Where Does Information Get Lost in a Sequence Model?

Recurrent neural networks process sequences one step at a time. At each timestep $t$, the hidden state $h_t$ is a function of the current input $x_t$ and the previous hidden state $h_{t-1}$:

h_t = f(W_h h_{t-1} + W_x x_t + b)

This means that every piece of information about earlier tokens has to pass through a chain of hidden states before it can influence processing at later positions. If a sentence is 50 tokens long, information from the first token must survive 49 successive transformations before the model produces its final output. Each transformation compresses, blends, and overwrites, so by the time we reach the end, early information has often been diluted or lost entirely. This is sometimes called the sequential bottleneck , and it's a structural limitation (not a training problem).
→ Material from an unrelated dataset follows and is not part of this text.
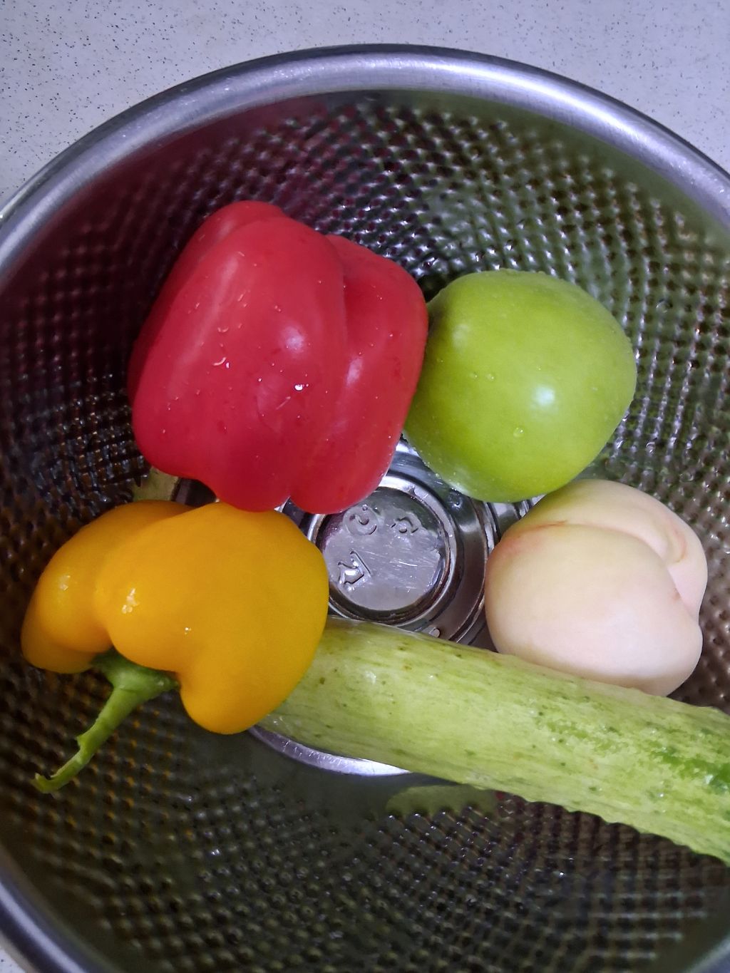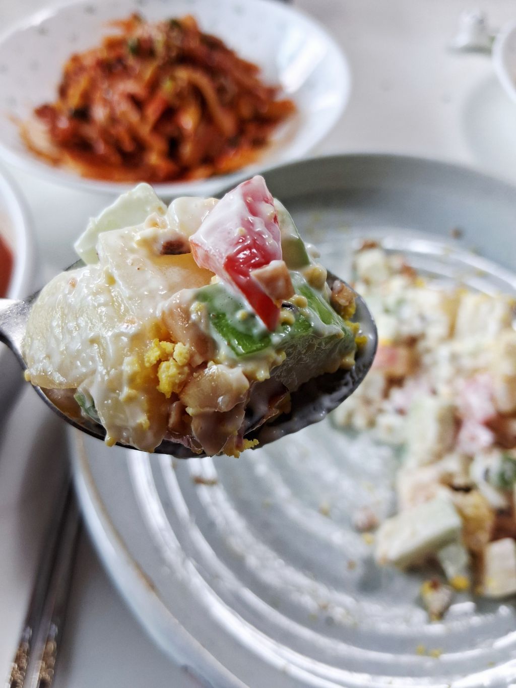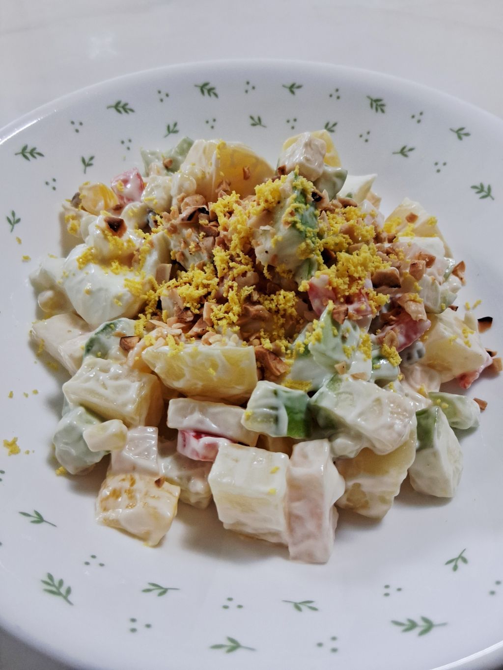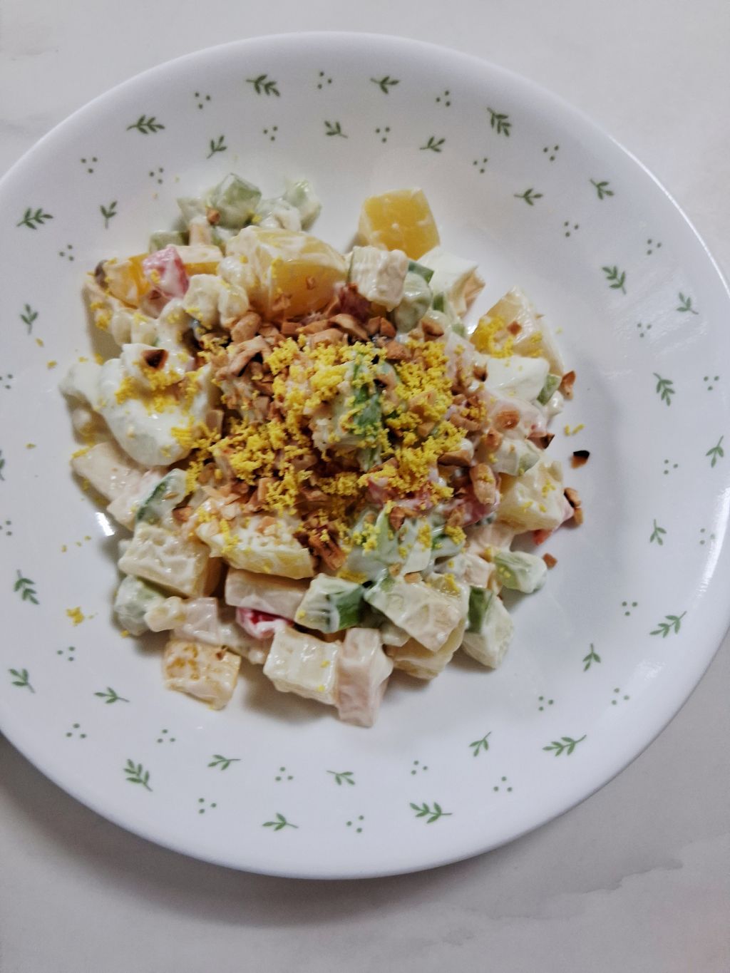 ♡재료;감자 옥수수 사과 복숭아 오이 땅콩 홍파프라 노란파프리카 계란 마요네즈...

LSTMs (Hochreiter & Schmidhuber, 1997) and GRUs (Cho et al., 2014) alleviate this with gating mechanisms that let information bypass the recurrence through a cell state or update gate. In practice, these gates help significantly with moderate-length sequences (tens of tokens), but they don't eliminate the core problem. Information still flows through a single path, step by step, and empirically LSTMs tend to struggle once sequences exceed a few hundred tokens (Khandelwal et al., 2018) . There's no shortcut that lets position 1 talk directly to position 200.

💡 Think of the hidden state as a fixed-width pipe. No matter how much information flows through it, the pipe has a maximum capacity (determined by the hidden dimension $d_h$). A 256-dimensional hidden state must summarise everything the model has seen so far (the entire prefix) into 256 numbers. The longer the prefix, the more compressed that summary becomes.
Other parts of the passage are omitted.